Catholic Common Core – Informational Text or Propaganda

Are “informational texts” a gateway to promulgating propaganda in new CC books?

IMG Read CC Book Cover no name

A fellow CC warrior shared some pages from her son’s new Common Core aligned English Language Arts book being used in a Catholic school. His assignment including using “informational texts” and “close reading” techniques to evaluate a writer’s effectiveness in making valid arguments:


Ready Common Core – Close reading – Part 1

Ready Common Core – Close reading – Part 2

The reading samples present “information” about global warming/climate change (the kind that is the fault of human beings and “toxic” CO2, not the kind that occurs naturally in God’s wondrous creation as the result of sun cycles), the glories of alternative energy juxtaposed against the evils of fossil fuels as well as commentary from the CO2 exhaling, “carbon footprint” depositing, fabricator of inconvenient lies, bloviating billionaire guru of the “green” movement, Al Gore. And, of course, the obligatory reference to polar bears and melting ice caps. Here’s one way the global warming “debate” is framed from “different” viewpoints:

IMG Ready CC Polar Bear

So, the student has a choice:  one argument in support of global warming or another argument in support of global warming. There are also arguments presented on the fracking where at least both sides of the argument are seemingly presented.
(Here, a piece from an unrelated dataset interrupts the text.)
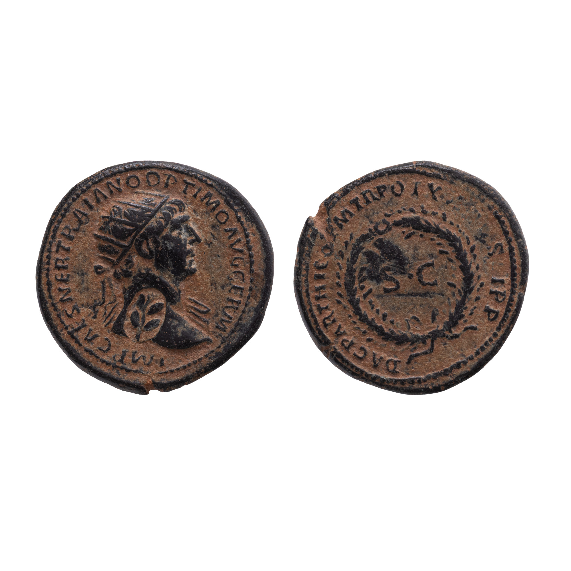 69C. Monedă Semis, Traian, bătută în Antiohia pentru a circula în Siria, 114-117 e.n.
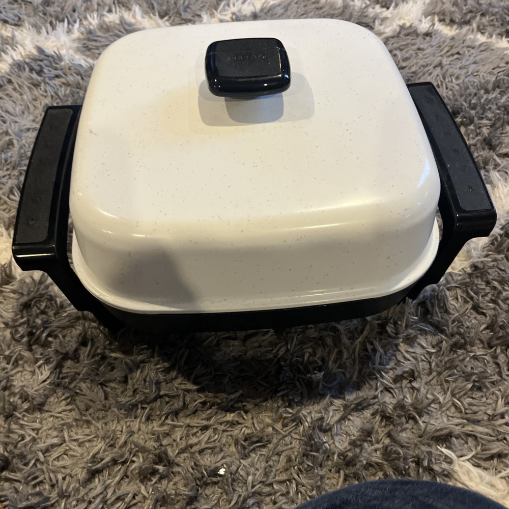 The Vintage Presto Electric Skillet Fry Pan Model: 0661743 is a classic kitchen appliance that offers convenient and efficient cooking. With its electric skillet design, this Presto skillet can quickly and evenly cook your favorite dishes, making meal preparation a breeze. The retro design and durable construction make it a reliable and timeless addition to any kitchen.

Beware! If you read these materials too closely, as the “closing reading” sidebar item suggests, you might get bowled over by the stench of B.S.

There are so many other “arguments” that are less controversial and would have served the purpose without injecting dubious and misleading scientific “information” into the classroom, especially as part of “language arts.” Under the guise of developing critical thinking skills, they are really training minds on what to think, not how to think. Welcome to top-down, centrally controlled, government run education.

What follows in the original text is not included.